Furthermore, the deformable diaphragm of the present invention can be constructed of various shapes. Thus, FIG. 7(a) shows a wave-shaped deformable diaphragm and FIG. 7(b) shows a flat disc shaped deformable diaphragm.

Dispite its simplicity of construction, the present invention provides significantly improved results in that a printing head so constructed can withstand environmental conditions during long periods of storage and during non-operation periods.

Claims

1. An ink jet printing head comprising:

at least one nozzle from which ink is ejected dropwise;

at least one ejection chamber connected to the nozzle and having a piezoelectric transducing element for causing a sudden increase in the liquid pressure in the ejection chamber in response to an electric pulse;

an ink supply chamber connected to the ejection chamber and connectable to an ink supply system provided outside the printing head;

pressure detecting means for detecting ink pressure in the ink supply chamber and controlling the ink supply from an ink supply source to the ink supply chamber; and

a flexible film diaphragm means constituting one wall of the ink supply chamber, the flexible film diaphragm means having an interior side, an exterior side, a bag-shaped portion for deforming responsive to volume changes of ink in the ink supply chamber and having two limit positions of deformation between which the bag-shaped portion is slack and undergoes relatively no change in internal stress and a flat area, and wherein the pressure detecting means is positioned proximate to the flat area, the exterior side of the flexible film diaphragm means being exposed to the atmosphere for maintaining a relatively constant pressure on the exterior side of the flexible film wall means.

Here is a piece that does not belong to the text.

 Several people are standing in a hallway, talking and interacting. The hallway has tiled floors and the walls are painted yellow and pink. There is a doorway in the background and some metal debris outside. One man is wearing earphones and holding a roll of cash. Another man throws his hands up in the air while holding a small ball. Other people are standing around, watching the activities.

2. An ink jet printing head comprising:

at least one nozzle from which ink is ejected dropwise;

at least one ejection chamber connected to the nozzle and having a piezoelectric transducing element for causing a sudden increase in the liquid pressure in the ejection chamber in response to an electric pulse;

an ink supply chamber connected to the ejection chamber and connectable to an ink supply system provided outside the printing head;

pressure detecting means for detecting ink pressure in the ink supply chamber and controlling the ink supply from an ink supply source to the ink supply chamber; and

a flexible film diaphragm means constituting one wall of the ink supply chamber, the flexible film diaphragm means including a bag-shaped portion for deforming responsive to volume changes of ink in the ink supply chamber between two limit positions of deformation between which the bag-shaped portion is slack and undergoes relatively no change in internal stress and for maintaining a relatively constant pressure in the ink supply chamber when the bag-shaped portion is between the two limit positions and a flat area, wherein the pressure detecting means is positioned proximate to the flat area.

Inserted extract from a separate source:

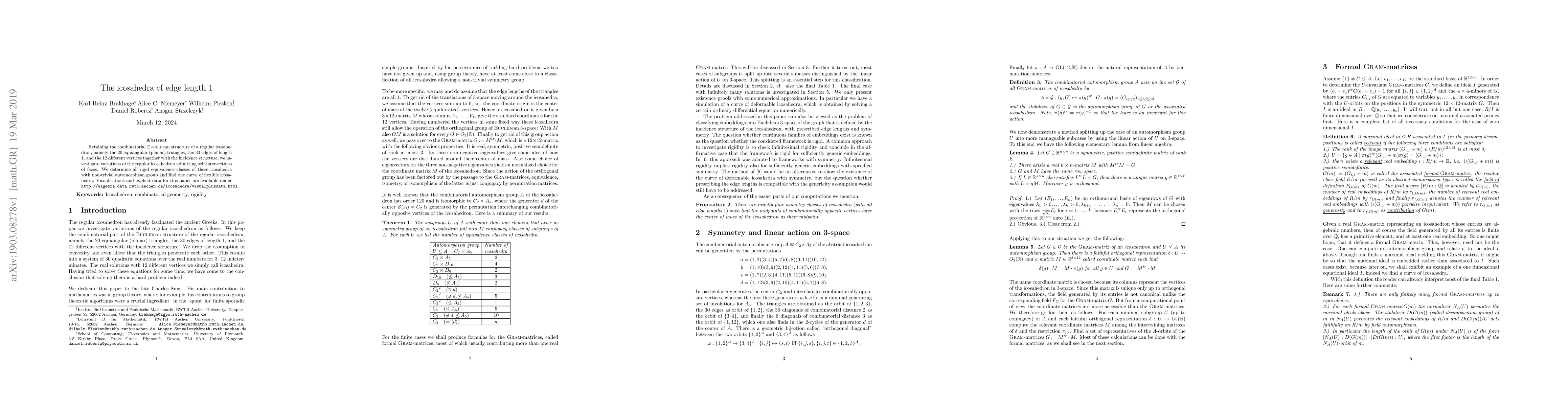 Retaining the combinatorial Euclidean structure of a regular icosahedron, namely the 20 equiangular (planar) triangles, the 30 edges of length 1, and the 12 different vertices together with the incidence structure, we investigate variations of the regular icosahedron admitting self-intersections of faces. We determine all rigid equivalence classes of these icosahedra with non-trivial automorphism group and find one curve of flexible icosahedra. Visualisations and explicit data for this paper are available under http://algebra.data.rwth-aachen.de/Icosahedra/visualplusdata.html.

3. An ink jet printing ejection head comprising:

at least one nozzle from which ink is ejected dropwise;

at least one ejection chamber connected to the nozzle and having a piezoelectric transducing element for causing a sudden increase in the liquid pressure in the ejection chamber in response to an electric pulse;

an ink supply chamber connected to the ejection chamber and connectable to an ink supply provided outside the printing head; and

a flexible film diaphragm means constituting one wall of the ink supply chamber, the flexible film diaphragm means constituting one wall of the ink supply chamber, with the flexible film diaphragm means including a bag-shaped portion for deforming responsive to volume changes of ink in the ink supply chamber and satisfying the following relationship

2V₀ ≧V₁ ·r·Δt+V₂

where:

V₀ =volume formed by the bag-shaped portion of the flexible film diaphragm

V₁ =volume of filling liquid in the ejection head

r=coefficient of cubicle expansion for the filling liquid

Δt=change in external ambient temperature

V₂ =volume of filling liquid that evaporates from inside the ejection head.